▶ **WORK REQUEST**: Once the line holding "The right’s conspiracy" is found in the entries below, transcribe exactly every line up to and including the one holding "- Personalized Decoration: Made", but leave out the pictures.

▶ **AVAILABLE DATA**:
+++++
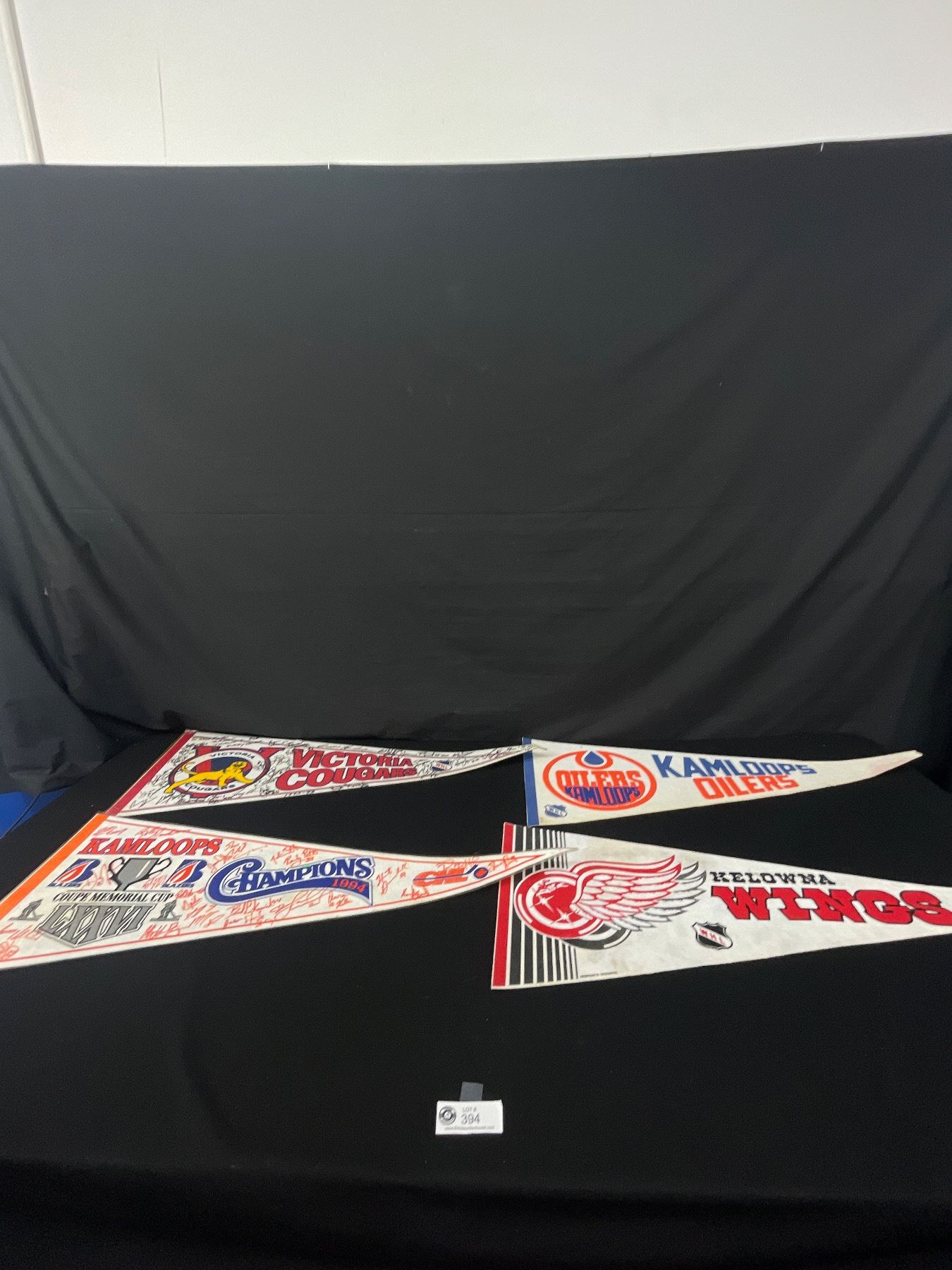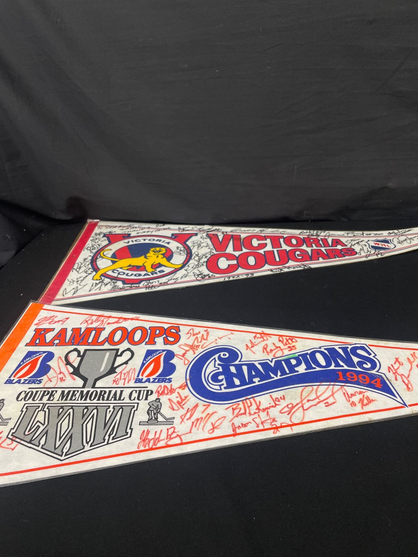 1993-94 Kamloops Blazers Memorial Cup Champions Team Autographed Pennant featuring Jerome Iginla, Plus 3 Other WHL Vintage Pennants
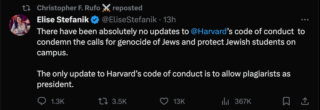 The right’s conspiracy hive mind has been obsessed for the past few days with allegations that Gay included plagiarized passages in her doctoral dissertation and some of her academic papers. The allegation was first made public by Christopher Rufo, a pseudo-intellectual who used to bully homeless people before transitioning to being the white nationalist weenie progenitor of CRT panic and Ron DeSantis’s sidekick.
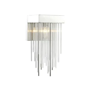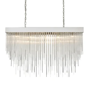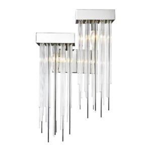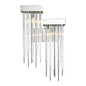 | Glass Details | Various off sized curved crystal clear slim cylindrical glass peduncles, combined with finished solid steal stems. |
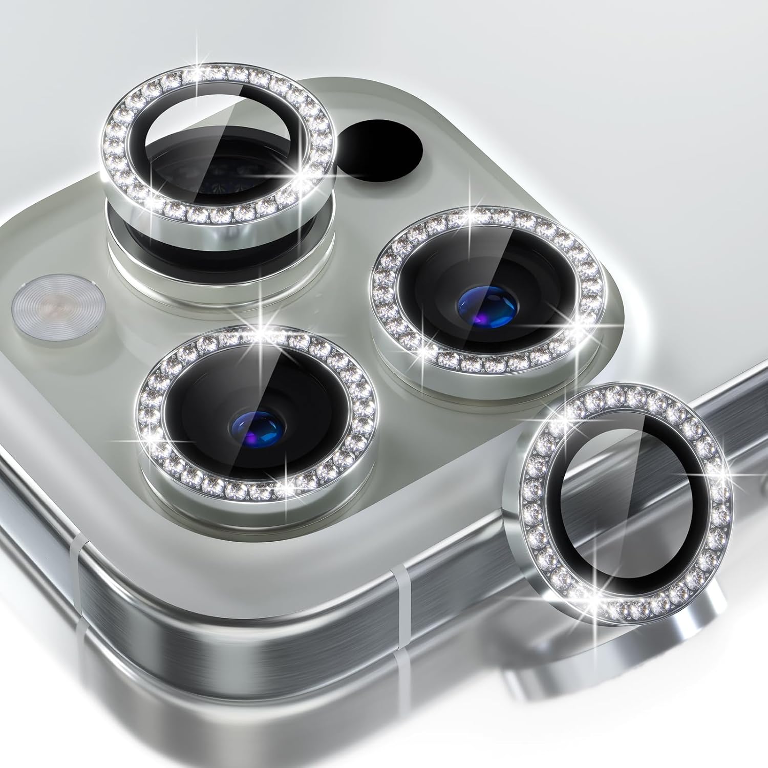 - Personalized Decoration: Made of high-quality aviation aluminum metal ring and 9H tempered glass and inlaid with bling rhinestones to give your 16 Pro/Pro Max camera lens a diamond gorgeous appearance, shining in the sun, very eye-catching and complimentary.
+++++
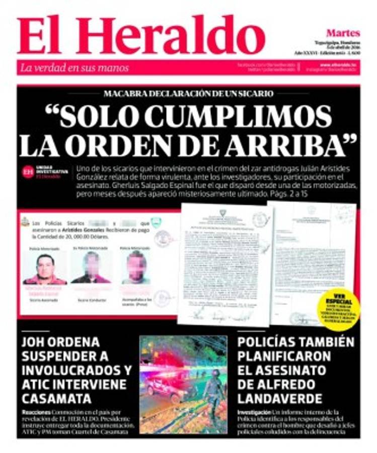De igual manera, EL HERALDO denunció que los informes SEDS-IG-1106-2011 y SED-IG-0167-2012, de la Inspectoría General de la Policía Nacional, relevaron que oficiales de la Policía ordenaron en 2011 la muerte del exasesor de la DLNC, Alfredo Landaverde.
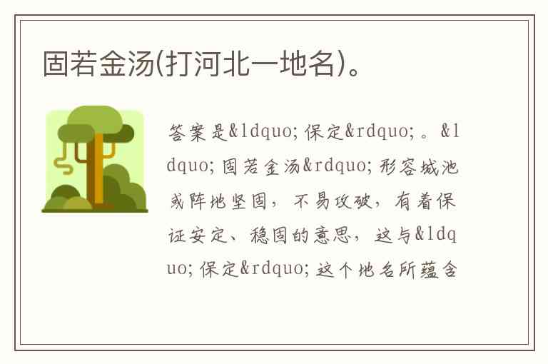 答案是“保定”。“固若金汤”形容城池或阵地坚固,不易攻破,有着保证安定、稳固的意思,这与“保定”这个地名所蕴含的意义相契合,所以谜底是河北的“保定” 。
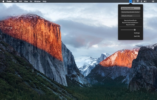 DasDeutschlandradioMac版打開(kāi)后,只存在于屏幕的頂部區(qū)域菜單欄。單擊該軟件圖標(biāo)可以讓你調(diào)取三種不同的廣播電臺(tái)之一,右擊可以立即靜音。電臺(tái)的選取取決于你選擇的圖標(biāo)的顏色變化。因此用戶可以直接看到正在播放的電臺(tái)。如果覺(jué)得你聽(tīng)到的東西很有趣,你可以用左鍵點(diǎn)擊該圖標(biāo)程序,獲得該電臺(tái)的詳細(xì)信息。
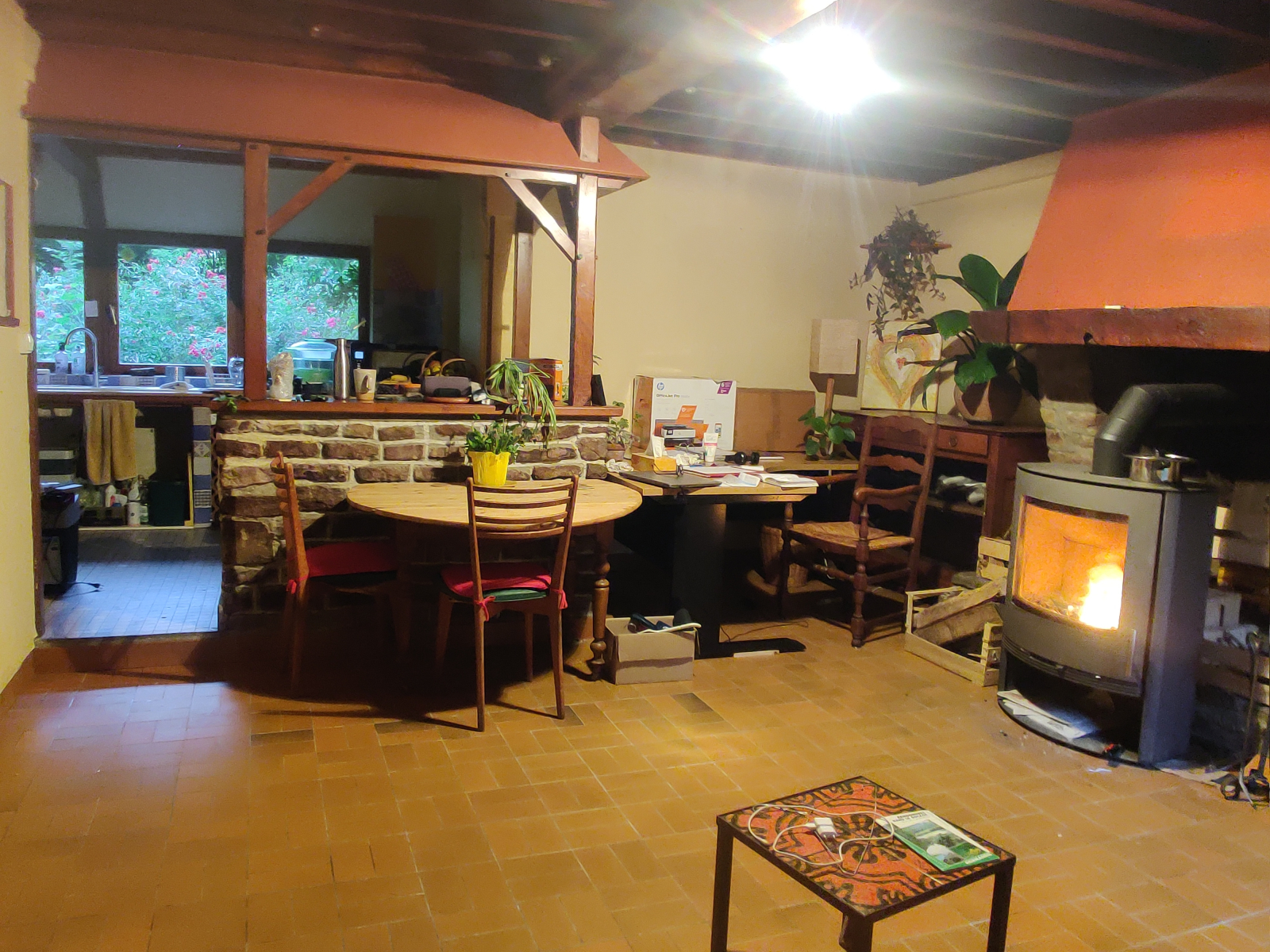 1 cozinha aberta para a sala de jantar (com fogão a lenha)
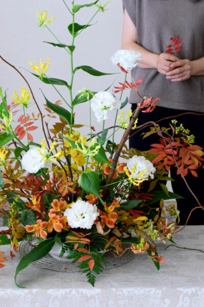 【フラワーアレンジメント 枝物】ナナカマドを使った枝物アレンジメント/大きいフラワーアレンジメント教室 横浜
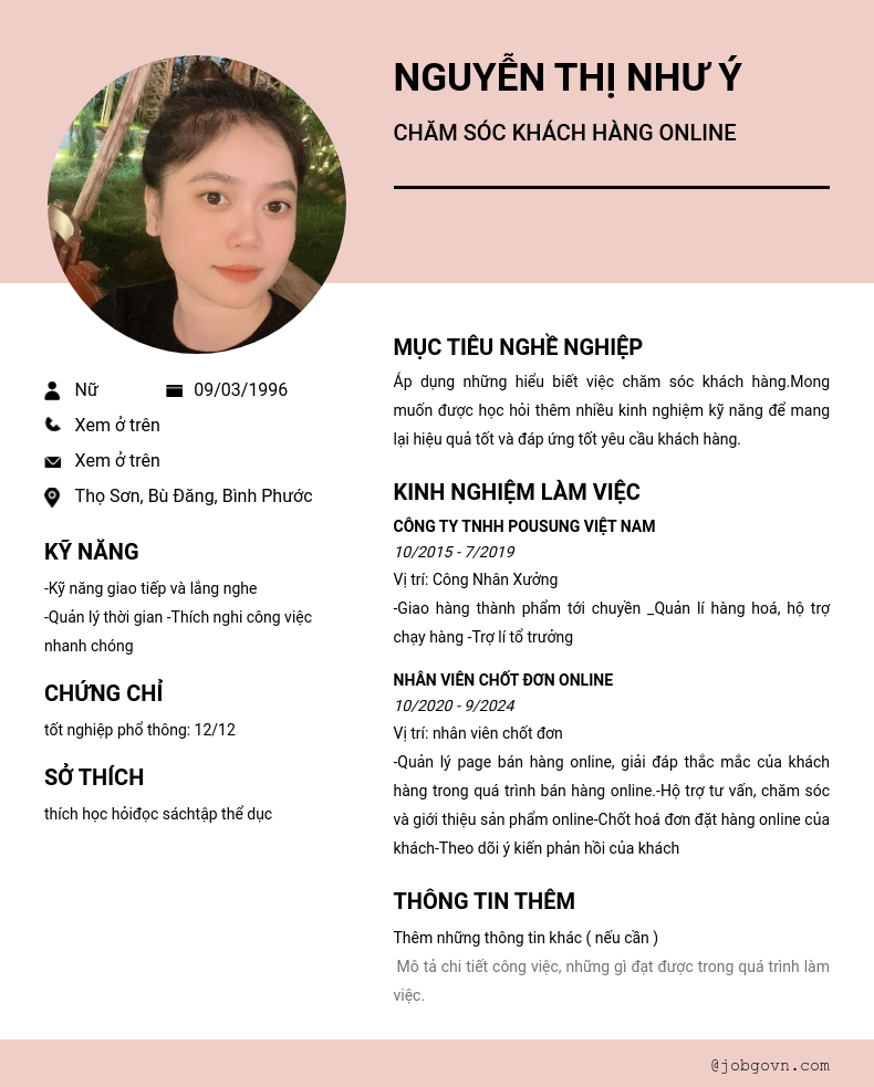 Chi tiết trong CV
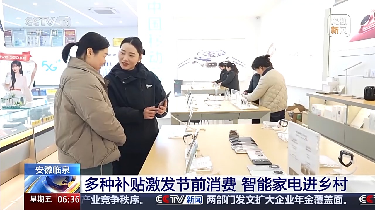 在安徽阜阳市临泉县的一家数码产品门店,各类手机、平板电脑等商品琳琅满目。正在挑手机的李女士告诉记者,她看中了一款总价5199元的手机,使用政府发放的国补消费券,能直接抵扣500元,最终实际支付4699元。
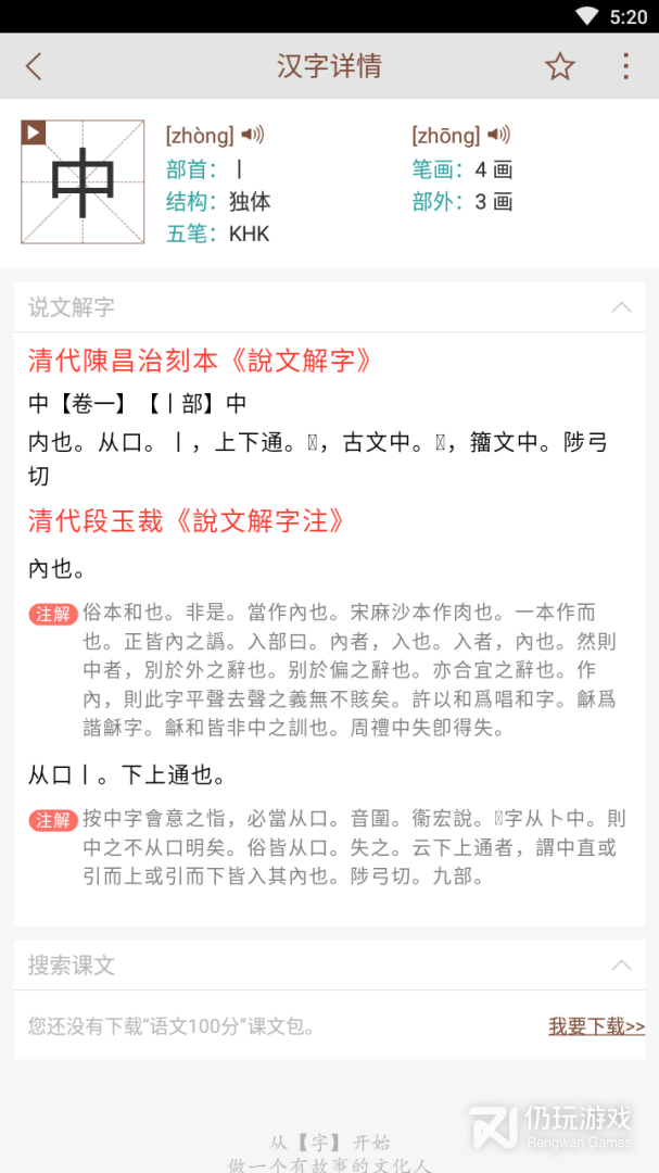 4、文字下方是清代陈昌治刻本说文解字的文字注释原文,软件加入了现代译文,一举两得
+++++
▶ **ANSWER BELOW**:
 The right’s conspiracy hive mind has been obsessed for the past few days with allegations that Gay included plagiarized passages in her doctoral dissertation and some of her academic papers. The allegation was first made public by Christopher Rufo, a pseudo-intellectual who used to bully homeless people before transitioning to being the white nationalist weenie progenitor of CRT panic and Ron DeSantis’s sidekick.
 | Glass Details | Various off sized curved crystal clear slim cylindrical glass peduncles, combined with finished solid steal stems. |
 - Personalized Decoration: Made of high-quality aviation aluminum metal ring and 9H tempered glass and inlaid with bling rhinestones to give your 16 Pro/Pro Max camera lens a diamond gorgeous appearance, shining in the sun, very eye-catching and complimentary.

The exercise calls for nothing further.